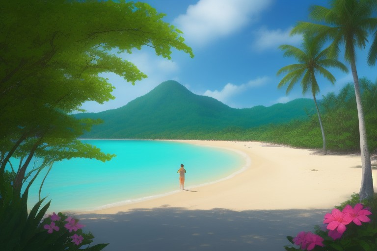 An epic tropical beach with turquoise water and a forest full of flowers.
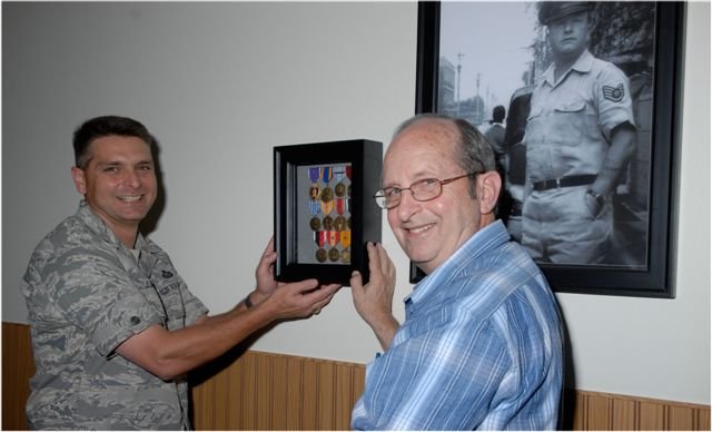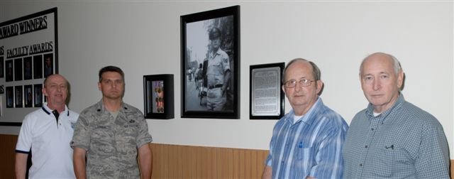 Lt. Col. Erick Lawson, the 316 TRS commander, and retired Chief Master Sgt. Ed Bendinelli placed a shadow box containing medals belonging to Tech. Sgt. Fred Sebers' on a wall inside Sebers Hall to complete the inside memorial to Sergeant Sebers, who died in Vietnam more than 40 years ago.
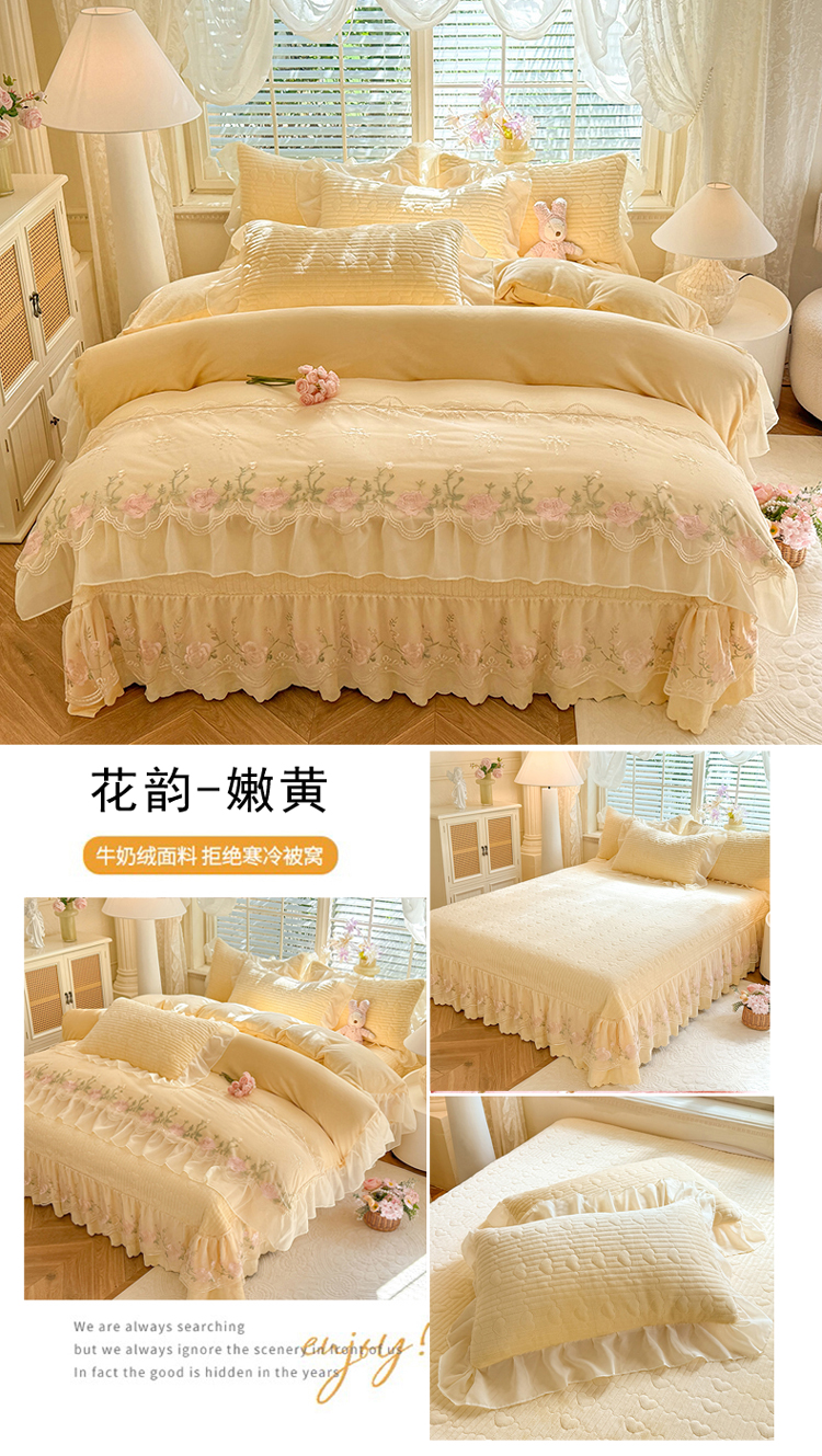 (总)漫布云 2026新款230g高克重韩版立体盘花牛奶蚕丝绒绣花四件套床裙款被套-洛丽塔系列,洛丽塔-嫩黄 ,洛丽塔-香芋紫,洛丽塔-珍珠粉, 洛丽塔-婴儿蓝
........
Give the listing again exactly, but omit each image.

 An epic tropical beach with turquoise water and a forest full of flowers.
 Lt. Col. Erick Lawson, the 316 TRS commander, and retired Chief Master Sgt. Ed Bendinelli placed a shadow box containing medals belonging to Tech. Sgt. Fred Sebers' on a wall inside Sebers Hall to complete the inside memorial to Sergeant Sebers, who died in Vietnam more than 40 years ago.
 (总)漫布云 2026新款230g高克重韩版立体盘花牛奶蚕丝绒绣花四件套床裙款被套-洛丽塔系列,洛丽塔-嫩黄 ,洛丽塔-香芋紫,洛丽塔-珍珠粉, 洛丽塔-婴儿蓝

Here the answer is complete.